Even though disease development and gall formation was restricted in the ipt1;3;5;7 mutant, infected cells still exhibited significant hypertrophy even though hyperplasia had been abolished. Therefore other phytohormones are implicated in the extensive cell expansion seen in infected tissue. Although GA is an obvious candidate, treatment with GA inhibitors had no effect on gall formation (Päsold and Ludwig-Müller 2013). Recently Schuller et al. (2014) found that brassinosteroid (BR) biosynthesis was up-regulated in enlarged cells and that mutations in the BR receptor (bri1-6) and treatment with BR biosynthesis inhibitors reduced gall formation. Given the importance BR and other hormones such as strigolactones in regulating cambial activity and their extensive interactions with auxin and cytokinin (Nieminen et al. 2015) a detailed microscopic analysis of host and plasmodial development in plants with mutations in these signalling pathways is likely to be informative.

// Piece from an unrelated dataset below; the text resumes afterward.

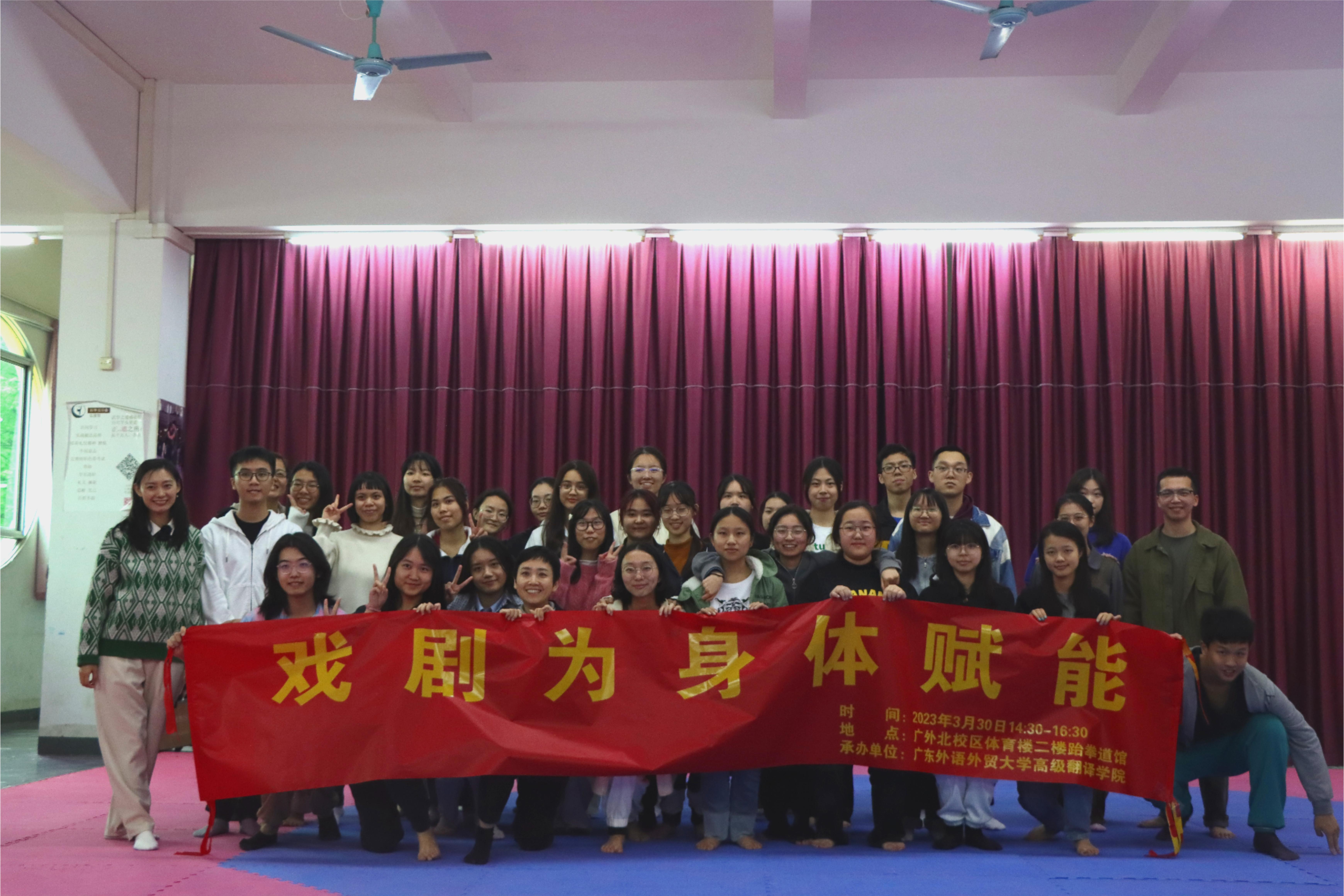 为加强学院心理服务体系建设,培育学生自尊自信,理性平和,积极向上的良好心态,3月30日下午高级翻译学院于体育楼举办“戏剧为身体赋能”主题活动。活动邀请到闻是教育创办人、《教育的觉醒》一书的作者、北京师范大学博士王瑞君老师一行,学院副院长王巍巍、党委副书记李政鸿、团委书记张辉金及40余名学生参加活动。

Cytokinins are required for P. brassicae development

Intriguingly CK may have an important role in the development of the pathogen. Malinowski et al. (2012) showed that although VC activity is required for gall formation it is not required for infection and development of the pathogen. In plants expressing an inducible cell cycle inhibitor ICK1/KRP or bearing a cle41 mutation which restricts VC activity, infection of host cells still occurred and competent spores produced even though gall formation was severely compromised. In contrast, whilst P. brassicae could infect the ipt1;3;5;7 mutant, plasmodial development was slowed and the infectivity of spores reduced. This suggests that CKs may directly regulate plasmodial development. This is consistent with the presence and expression of IPT genes in the P. brassicae genome, the ability of P. brassicae to take up adenine and synthesise limited amounts of tZ and the accumulation of host CKs in isolated plasmodia (cZ in the case of Chinese cabbage; Müller and Hilgenberg (1986)).


This work extends the model of Devos et al. (2005). P. brassicae requires CKs for its development, synthesising a limited amount and but also taking up CKs from its host. In the host, CKs are essential for the development of the VC, a pre-requisite for secondary thickening and normal plant growth but also a route by which P. brassicae can hijack host development for gall formation. Gall formation is associated with a decline in CK content that may help drive the host developmental changes seen in infected tissue, but other phytohormones are involved in the hypertrophy characteristic of the disease. This opens potentially new routes for the control of this important disease – either by interfering with the delivery and uptake of CKs by the pathogen or by increasing the CK content of host tissue during the gall formation stage of clubroot disease.